Prosecutors were also instructed to downgrade felonies to misdemeanors in certain cases. For instance, suspects initially charged with armed robbery of a store would get hit with petit larceny instead, a misdemeanor, provided no victims were seriously injured and there was no “genuine risk of physical harm,” the memo states.

“I think it’s the wrong way to go,” Mike Bonanza, 35, the manager of grocery store in Downtown Manhattan. “It really doesn’t matter — they are committing crime, they are robbing a store — whether somebody gets hurt or not.”

Michelle Ortiz, 47, a worker at Starbright Design Floral store in Chelsea agreed “the punishement doesn’t fit the crime.”

“Hey, I’m going to rob you, I’m not going to hurt you, I’m just going to take your hard-earned money! Where is the deterrent?,” she said.

The District Attorney’s Office clarified on Wednesday that it would still prosecute armed robberies involving a gun as a felony.

“We will be tough when we need to be, but we will not be seeking to destroy lives through unnecessary incarceration,” Bragg said in a statement. 

“In practical terms that means: I’ve prosecuted gun cases and if you use a gun to rob a store, you will be prosecuted as a felony. I’ve prosecuted cases involving assaulting law enforcement, and if you punch a police officer, you will also be prosecuted as a felony,” he said. “But if you are houseless with an addiction problem and you steal toothpaste and some bread, you will be diverted for treatment to help break the cycle of recidivism.”

Mamadou Diallo, a clerk at TAF Phone Card and Clothing store, said his store has been robbed twice in the past three years.
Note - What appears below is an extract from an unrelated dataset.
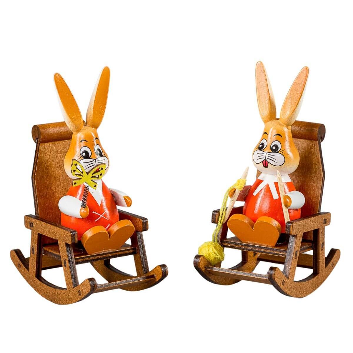 Osterhasenpaar im Schaukelstuhl, 14 cm, farbig

Matthew McDermott for NY Post

“These policy changes not only will, in and of themselves, make us safer; they also will free up prosecutorial resources to focus on violent crime and bigger cases that make us safer.”

While some public defenders, including the Legal Aid Society, welcomed Bragg’s changes, cops said the policies would only lead to more crime.

The head of the NYPD’s largest union, the Police Benevolent Association, also expressed “serious concerns about the message these types of policies send to both police officers and criminals on the street.”

“Police officers don’t want to be sent out to enforce laws that the district attorneys won’t prosecute,” PBA president Patrick Lynch said.